Plan B is the so-called “price cap” mechanism. This would allow Russia to continue exporting oil, but set a maximum price just sufficient to cover its production costs, thereby depriving the Russian state of any war-financing rent.
When the price cap scheme was first officially aired at the G7 summit in June, several leaders, notably German Chancellor Olaf Scholz, publicly questioned its viability — especially regarding compliance by third-party buyers of Russian oil. Even if Russia agreed to the cap, who would get access to its deeply discounted oil and who would pay the full market rate? Russia would be much more likely simply to reduce output, hoping to offset its losses with the resulting further price surge for whatever residual oil exports evaded the Western insurance net.
Either way, India will be in a pivotal position. While Russia’s opaque oil sales to China will continue regardless, India can look forward to various arbitrage opportunities. It will continue importing substantial quantities of Russian oil at ever cheaper prices. In the event that such imports weakened Western measures to squeeze Russia’s oil rents, the US would be unlikely to threaten — much less impose — secondary sanctions on India.
After all, successive US administrations — under US presidents Donald Trump and Joe Biden — have refrained from using their legal powers under existing legislation to place secondary sanctions on India for continuing to buy Russian weapons.
The reason for this is clear: A closer security partnership with India has become a vital part of the US’ China policy. Specifically, the Quadrialteral Security Dialogue — an informal security grouping comprising the US, Japan, Australia and India — has emerged as a cornerstone of US Indo-Pacific strategy, and would not survive the US sanctioning one of its members.
Of course, the US-India security relationship is mutual, given the live Chinese threat to Indian territory along the Himalayan Line of Actual Control — as the deadly June 2020 border skirmish showed.
FEAR OF CHINA
However, India’s fear of China also implies a strategic dimension to its ties with Russia that goes well beyond opportunistic oil and arms purchases.

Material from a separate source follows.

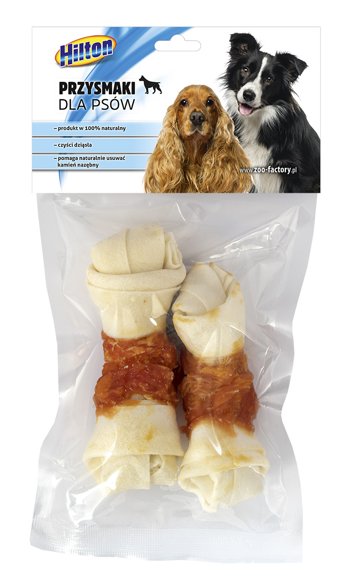 Home>Nasze produkty>Dogs>Treats>HILTON KNOTTED WHITE BONE WITH DRIED MEAT LENGTH 11,5CM (2 PCS) FOR DOG

India has an interest in keeping Russia close and not allowing a monolithic and estranged Russia-China Eurasian axis to loom over the Indian subcontinent.
India is playing this multifaceted game adroitly. In defense procurement, it has acquired advanced Russian S-400 air-defense systems and agreed to extend until 2031 the licensed local production of Russian weapons.
However, it has also increased arms purchases from NATO members, notably France.
Moreover, India has ample options for managing broader US sensitivities vis-a-vis Russia. For example, Russia urgently needs to replace industrial inputs that it previously imported from the West.
This could provide further opportunities for Indian exports, which are already one-third higher than their pre-COVID-19 pandemic levels, owing in part to the government’s Atmanirbhar Bharat (“self-reliant India”) stimulus program for manufacturing. Increased Indian pharmaceutical and automotive exports to Russia need not involve military support of the kind that has already led the US to sanction various Chinese electronics manufacturers, as announced on June 28.
India’s relations with Russia are part of its nuanced and multidimensional foreign policy. This approach means that the 75th anniversary of Indian independence coincides with the country achieving significant — and advantageous — geopolitical autonomy.
Sushanta Mallick is professor of international finance at Queen Mary University of London. Brigitte Granville is professor of international economics and economic policy at Queen Mary University of London.